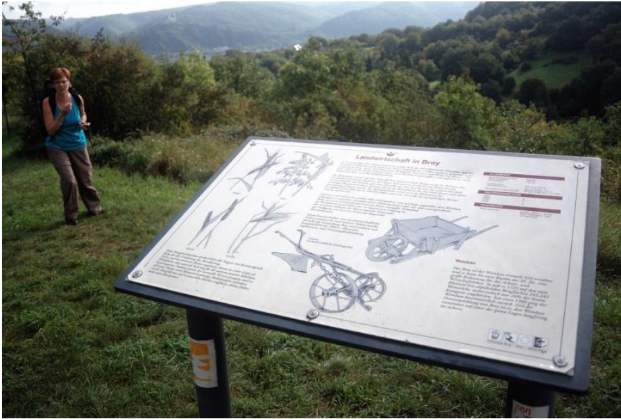
Oberhalb von Bray gibt es Hinweise zu Land und Leute
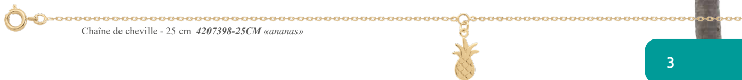
Chaîne de cheville - 25 cm 4207398-25CM «ananas»
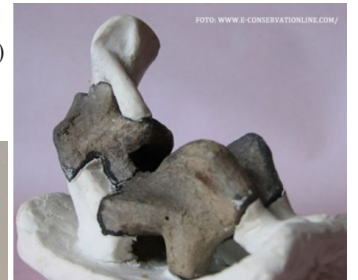
Gânditoarea de la Pietrele (jud. Giurgiu)

Și acum vin întrebările: pe cine ați mai văzut în zilele noastre în această postură? Cine mai este atât de îngrijorat de propria soartă, de familie, de țară? Și, unde ne mai sunt gânditorii?
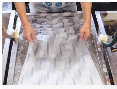
前処理として糊・不純物を除去します
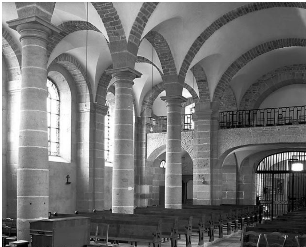
Vaisseau central et bas-côté droit vus du choeur.
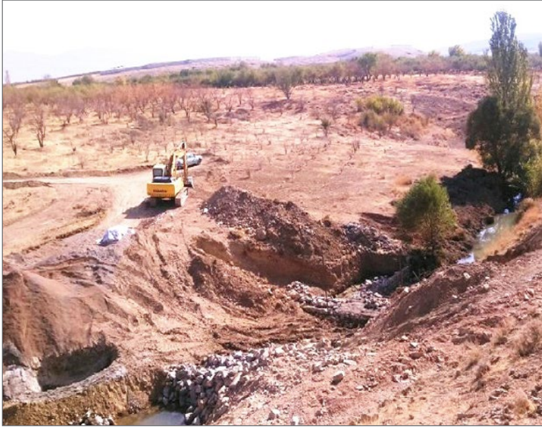
خواهد گرفت وهم می توان سیلاب ها و رواناب را کنترل واز مهاجرت مردم به شهرها جلوگیری کرد.

- _Task details_
Output, exactly and without pictures, the span of lines that starts at the line containing "Și acum vin" and ends at the last line above.

- _Answer area_
Și acum vin întrebările: pe cine ați mai văzut în zilele noastre în această postură? Cine mai este atât de îngrijorat de propria soartă, de familie, de țară? Și, unde ne mai sunt gânditorii?
前処理として糊・不純物を除去します
Vaisseau central et bas-côté droit vus du choeur.
خواهد گرفت وهم می توان سیلاب ها و رواناب را کنترل واز مهاجرت مردم به شهرها جلوگیری کرد.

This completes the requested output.